Normalizing diplomatic ties with Viet Nam 17 years ago, the European Union has become an important trade partner for Viet Nam and a large market for many Vietnamese goods, including leather, footwear, textiles and garments.

Leather and footwear exports currently represent 60 percent of Viet Nam's export revenues to the EU. Even though Vietnamese leather shoes were levied an anti-dumping tax rate of 10 percent, Viet Nam's footwear export turnover to the EU reached 1.96 billion USD in 2006, a 10 percent year-on-year increase.

After Viet Nam and the EU signed minutes against fraud in footwear trade, its export value to the EU has annually increased by more than 10 percent.

Following footwear, textiles and garments are the country's 2nd largest export to the 27-country economic bloc. Last year, textile and garment exports fetched more than 1.24 billion USD, a 40.9 percent increase over last year.

The 1993 Viet Nam-EU agreement on textiles and garments enabled the export of the products, previously banned to this market to increase by 38-40 percent annually.

The abolition of export quotas for these goods to the EU as from early 2005 has also helped Viet Nam promote exports to the bloc.

According to Vo Tri Thanh, Head of the International Economic Integration Policy Research Department, under the Central Institute for Economic Management, as a member of WTO, Viet Nam will have opportunities to boost exports to the EU - the world's second biggest importer.

However, the economic bloc with 27 member countries is known as a strict market, requiring Vietnamese businesses, in particular those operating in the garments and textiles sector to work hard to meet requirements and standards and to consider market demand as an indispensable part of their production and trade strategy, especially since the country joined the WTO in 2006.

Nguyen Bao - Deputy Director of the Trade Promotion Department under the Ministry of Industry and Commerce, attributed the slow growth in export turnover of the apparel and footwear sectors to businesses' dependence on materials. Most of them do outwork for joint ventures or wholly foreign-owned companies.

In order to improve the competitive edge of the garments, textiles and footwear industries, Bao said local businesses should restructure their outwork mechanism, invest in renovating equipment, technology and design as well as building trademarks.

Under a development strategy for garments, textiles and footwear by 2010, Viet Nam continues to consider the EU as one of its key importers.

In order to attaining a total export turnover of 10-12 billion USD in 2010, the garment sector will concentrate on developing locally made fibre and producing 1 billion metres of fabric to serve garment exports through 2015, said Chairman of the Viet Nam Garment and Apparel Association (Vinatex), Le Quoc An.

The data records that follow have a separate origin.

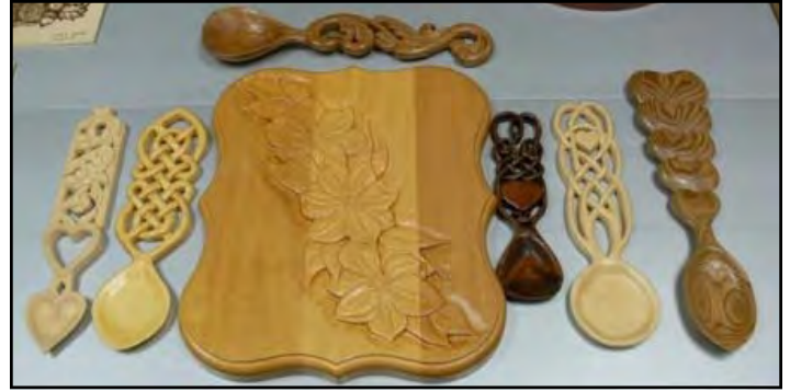
Randall Clements, Shallow Relief and various spoons
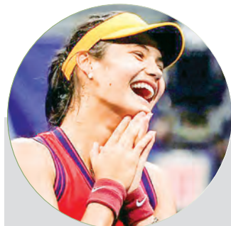
Britain's Emma Raducanu became the first qualifier to ever reach a Grand Slam final by defeating Greek 17th seed Maria Sakkari on Thursday in the US Open semi-finals.

BRITISH 18-year-old Emma Raducanu on Thursday became the first qualifier in history to make a Grand Slam final when she reached a fairytale US Open decider against another teenager, 19-year-old Canadian Leylah Fernandez.
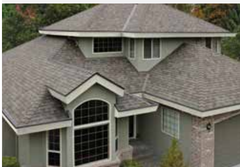
NATURAL WOOD: H, V, L
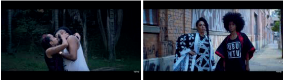
Frames 14 and 15 – Mandume

an affectionate and friendly relationship is built between them. The group of seven people also returns to the scene with their arms crossed and intensified looks, followed by a shot focusing on four of them in a slightly low angle, showing negative gestures and facial expressions even more emphatic.
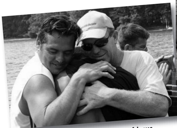
The healing power of the love of Jesus was all over the place.
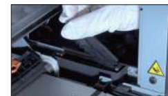
Replaceable cleaning wiper
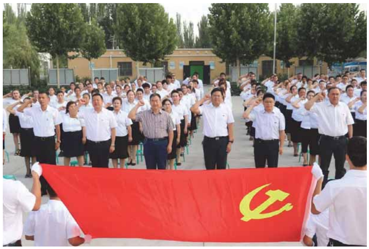
Village officials swear allegiance to the Chinese Communist Party in Kashgar, Xinjiang.

Under the Strike Hard Campaign, Turkic Muslims are required to attend a variety of political indoctrination gatherings. Many interviewees said everyone in their community has to attend flag-raising ceremonies with the People's Republic of China's national flag on a weekly or daily basis:
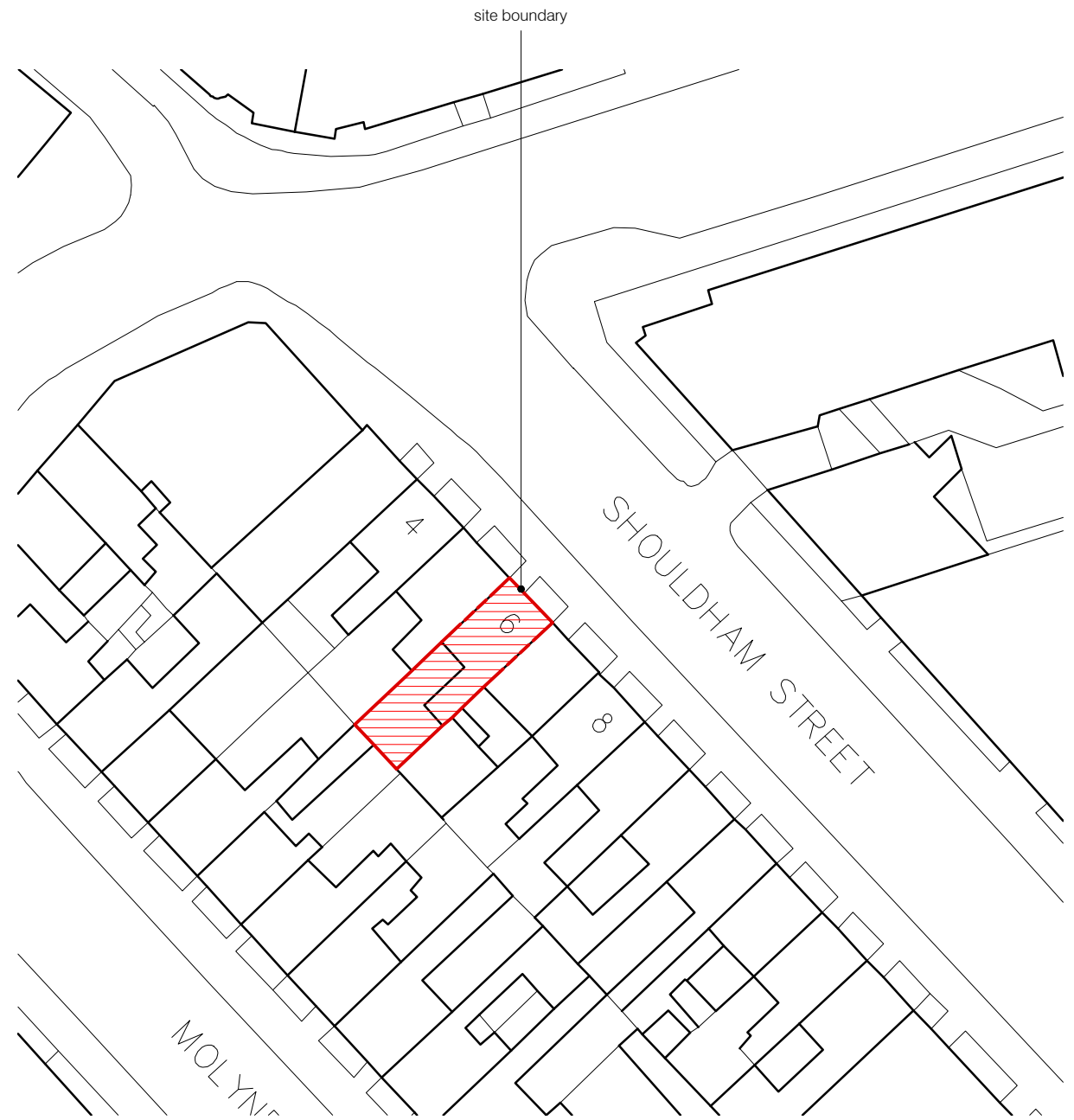
02 SITE PLAN scale 1:500
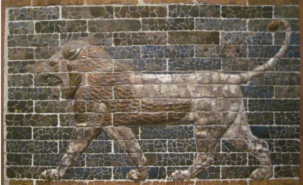
This lion, composed of glazed bricks, once graced the throne room of Nebuchadnezzar II, the Babylonian king who destroyed Solomon's temple. According to the book with his name, Daniel was in this very throne room when interpreting the king's dream and would have seen this lion.
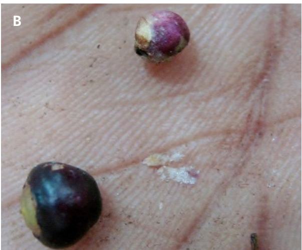
Fig. 5 Syzygium lababiense B.J.Conn & K.Q.Damas. A. fruiting branchlet showing leaves and purple fleshy fruits, showing leaves with indistinct (faint) secondary veins; B. close-up of fruit (left) and seed. Photo: K.D.Q. Damas.

Syzygium kuiense B.J.Conn & K.Q.Damas sp. nov.
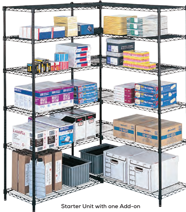
Starter Unit with one Add-on
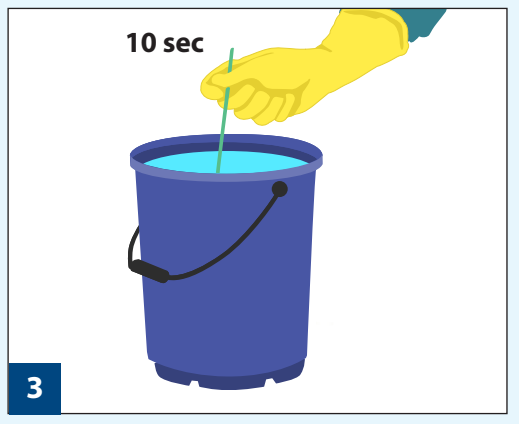
Stir well for 10 seconds, or until chlorine powder/granules have dissolved.

Make sure to wear gloves, a mask, and clothing that covers the skin. Note: An apron and eye protection may be used, if available, to protect against splash risk.
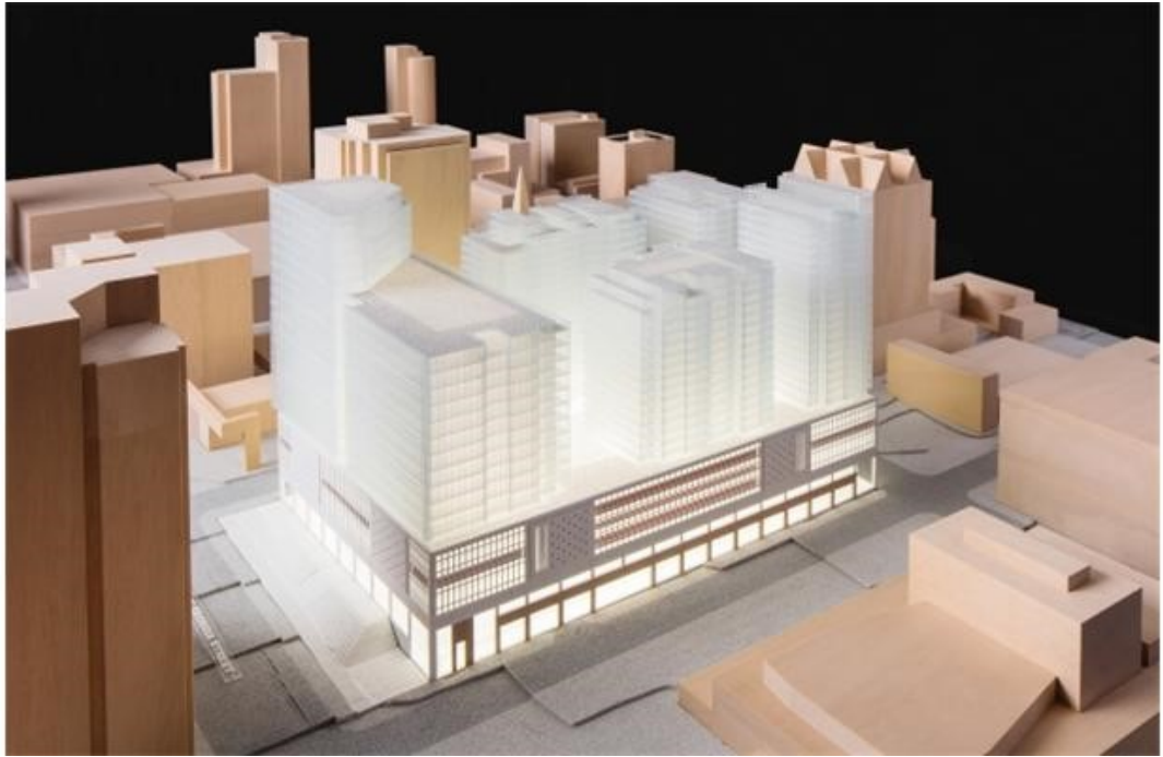
Model of the proposed changes for the former Vancouver Mail Processing Plant, 349 West Georgia, Vancouver.

The building is now owned by BC Investment Management, the 4th largest pension fund management company in Canada. The firm handling the development is Bentall Kennedy. The design is being undertaken by the architectural firm of Musson Cattrell Mackey Partnership.
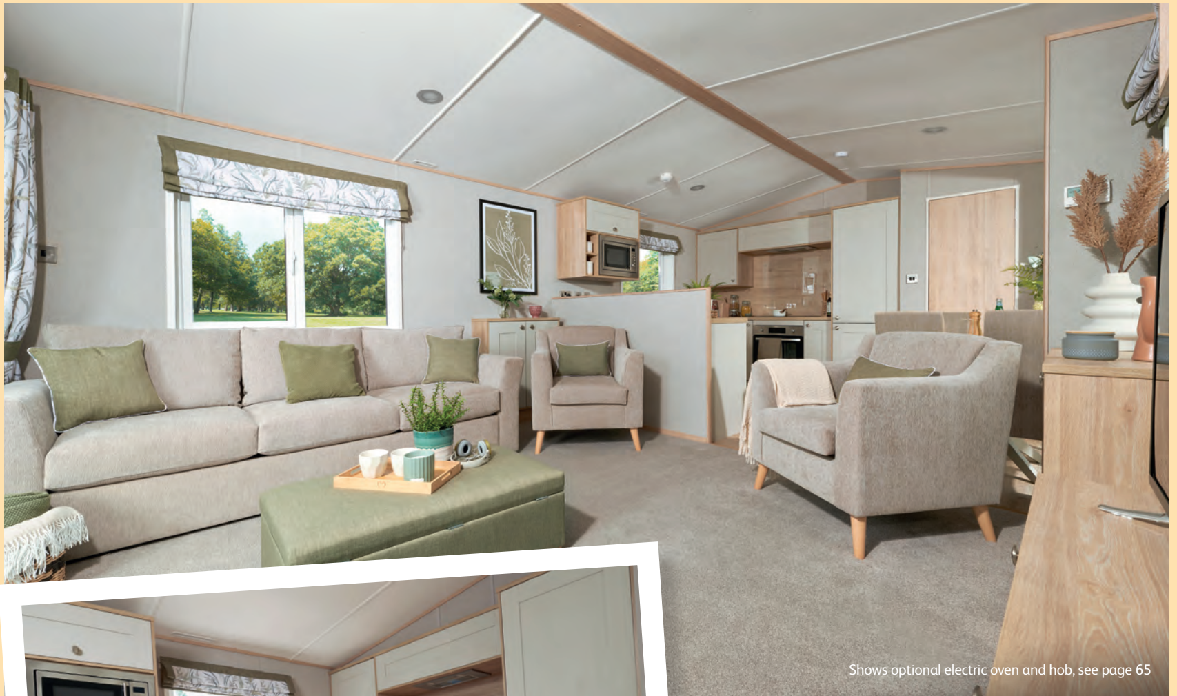
Shows optional electric oven and hob, see page 65
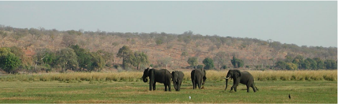
Kasane river delta, Botswana
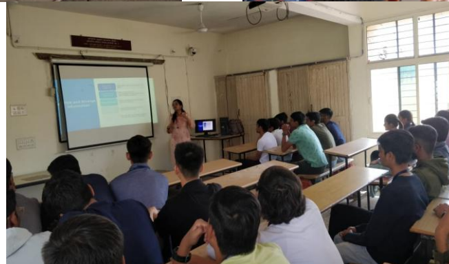
Figure 2 Live Session Photographs

The sector will also improve the weaving and dying quality and build three garment and textile industrial zones equipped with modern facilities to attract foreign investment, An said.

A programme to modernize the garment sector will be pursued to develop a staff of fashion designers as well as promote the image of the Vietnamese fashion industry and trademarks for high-quality products, he added.

The footwear sector has also put forth a series of measures to improve the production quality in an effort to attain an export turnover of 6.5 billion USD in 2010.-(VNA)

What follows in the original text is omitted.